Короткая поездка в Тарб пошла мне во благо. Полагаю, что воздух в окрестностях Мадрида довершит мое выздоровление. И как всегда перед путешествием, на меня напала стихия работы по ночам, чего бы, верно, не случилось, оставайся я здесь. Вследствие этого я везу с собою в Мадрид запас бумаги. Вспомните обо мне 29-го сего месяца, ибо, по всей вероятности, в этот день я буду чувствовать себя очень худо, тогда как Вы с Вашей портнихою займетесь пересмотром осеннего Вашего гардероба. Лионский залив 1 по-прежнему отвратителен и возможно станет совсем непереносимым в пору равноденствия, придуманную на мою погй-бель. Однако к вещам приятным следует отнести то, что по прибытии в Аликанте можно пересесть па поезд и через день оказаться в Мадриде,— и это вместо того, чтобы три дня трястись в сквернейших каретах по Самым чудовищным рытвинам, какие только можно вообразить. Вполне вероятно, что у меня возникнут к Вам на время моего отсутствия некоторые поручения.
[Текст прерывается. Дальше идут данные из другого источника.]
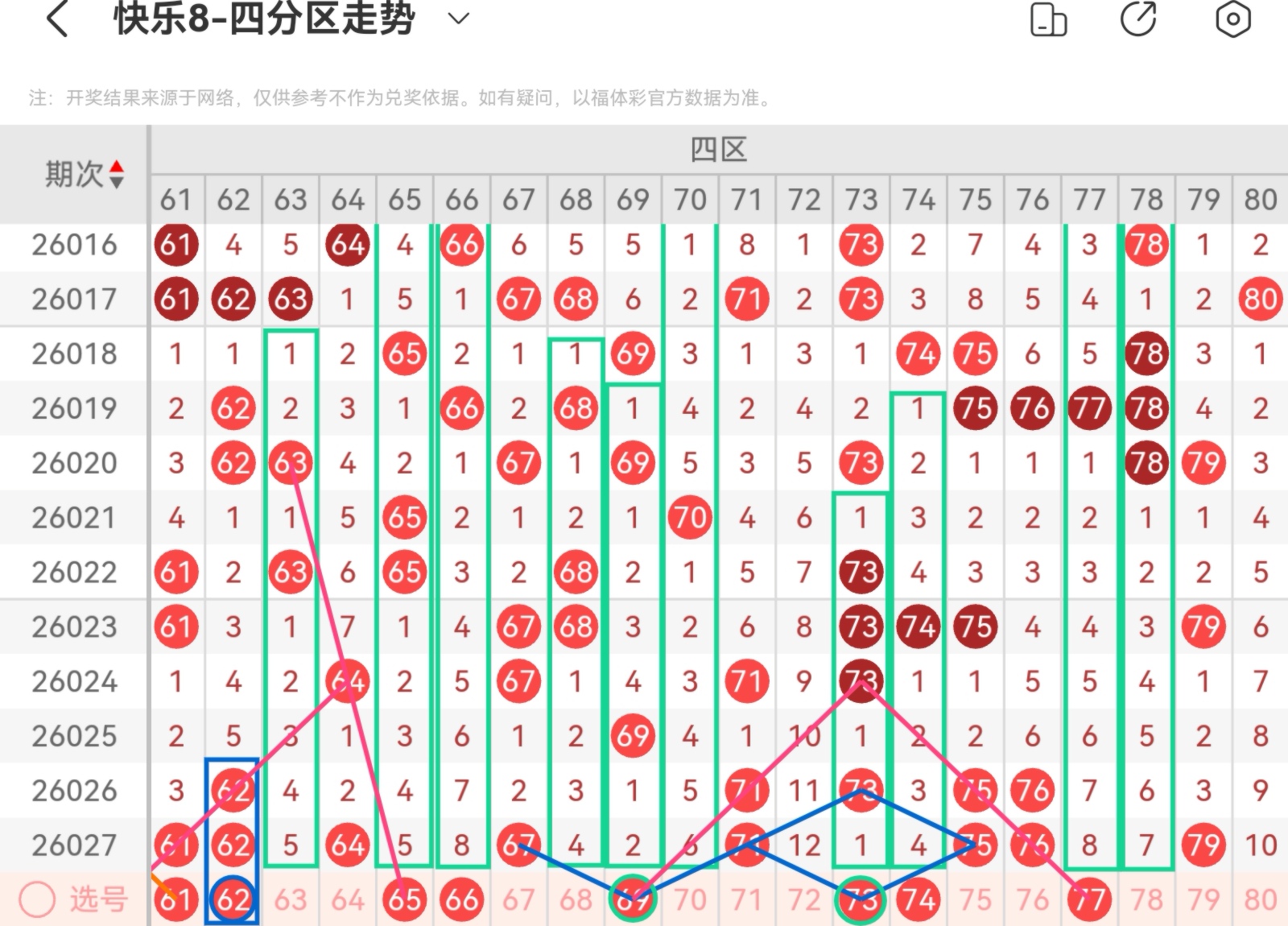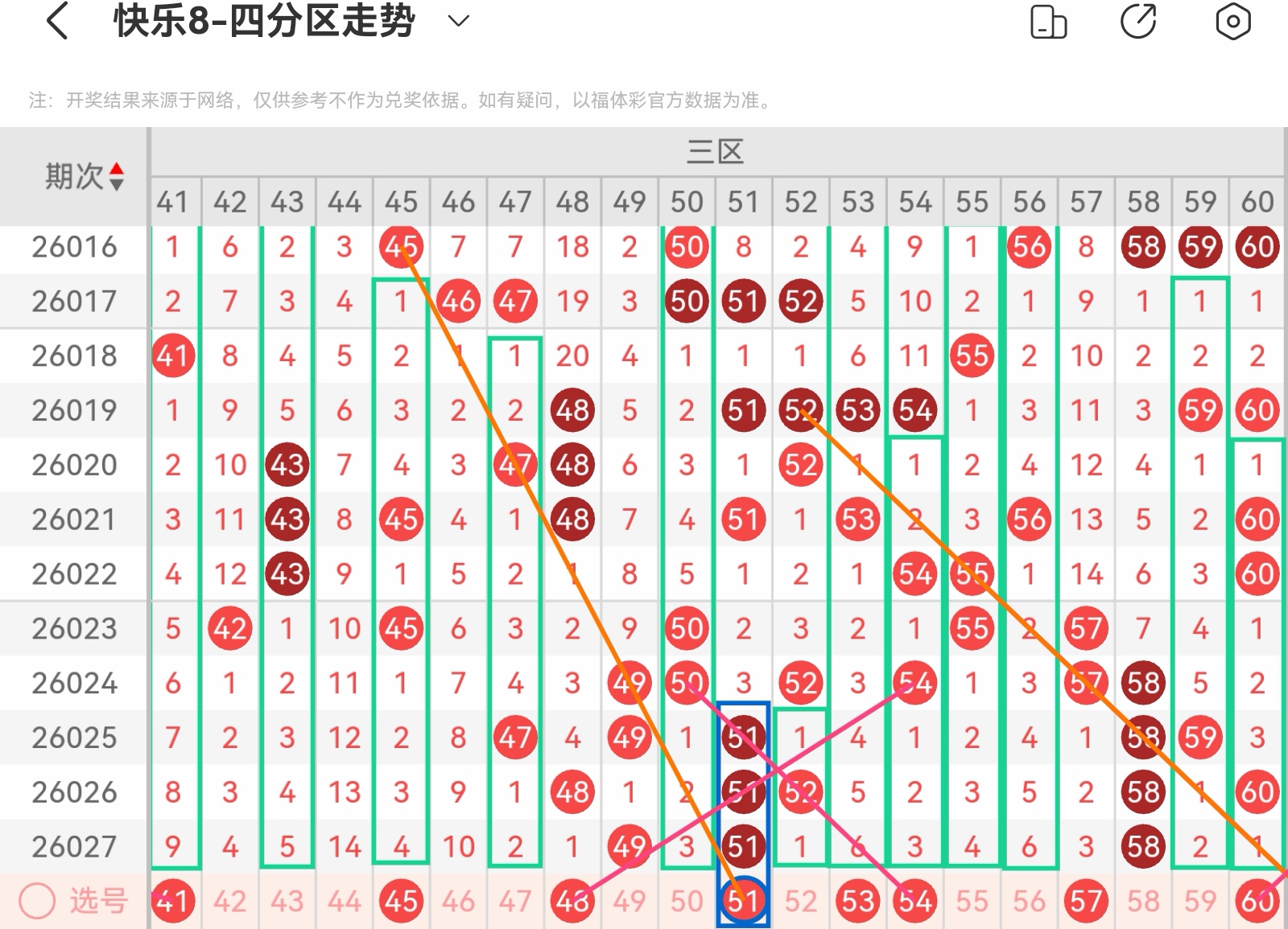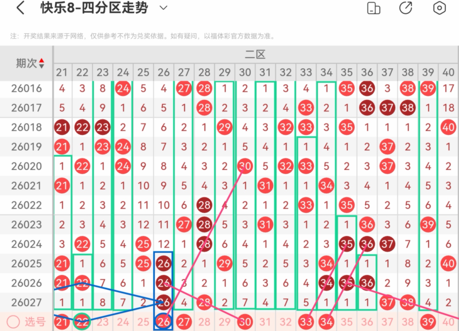 大家好,我是甜丝丝的坏事,主要以快乐八的形态走势、空位走势、遗漏走势以及斜连走势相结合的方法,用公认的四分区走势来进行预测分析,希望能让你有所收获。
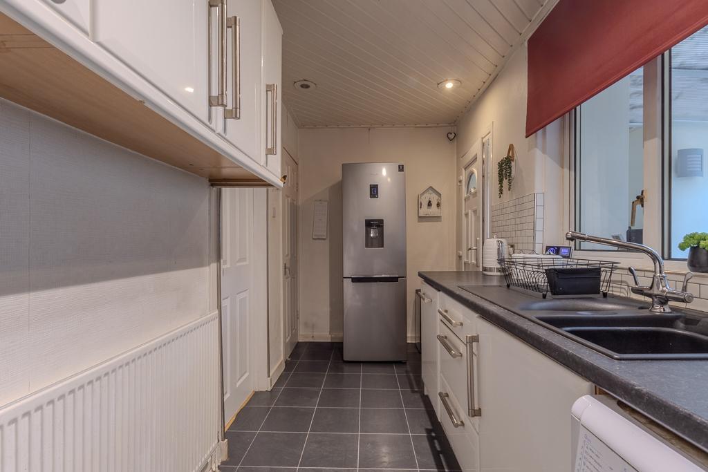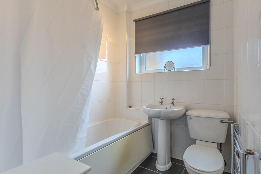 Upstairs, there are two generously sized bedrooms, with the principal bedroom benefitting from a built-in wardrobe offering excellent storage. A well-appointed family bathroom, complete with a three-piece suite and shower over the bath, completes the upper level.

Впрочем, мы еще успеем о том поговорить — я не люблю строить дальних планов, в особенности же совместных с Вами, ибо Вы, как Вам известно, бывает, их ломаете. Париж по возвращении Вашем будет еще совершенно безлюден. Кое-кто, я знаю, собирается уезжать, но возвращаться, насколько мне известно, кроме Вас, не собирается никто. Деревья все пожухли, персики вот-вот кончатся, а виноград сделался уже совсем безвкусным. Ежели у Вас там, в Дофине, бывали к столу ортоланы, Вам не доставит удовольствие дичь, какую Вы сумеете найти в Париже. Что же до меня, я избавился от греха чревоугодия, никогда более не испытываю чувства голода и не обращаю внимания на то, что ем. О Париже я сожалею лишь потому, что мог бы тут увидеть Вас. Потому этот город так меня и притягивает. Прощайте; Вы еще успеете написать мне сюда — я здесь пробуду до 27-го. Я представляю себе — подумайте о чем возмечтал!— как Вы преподнесете мне сюрприз и приедете 26-го.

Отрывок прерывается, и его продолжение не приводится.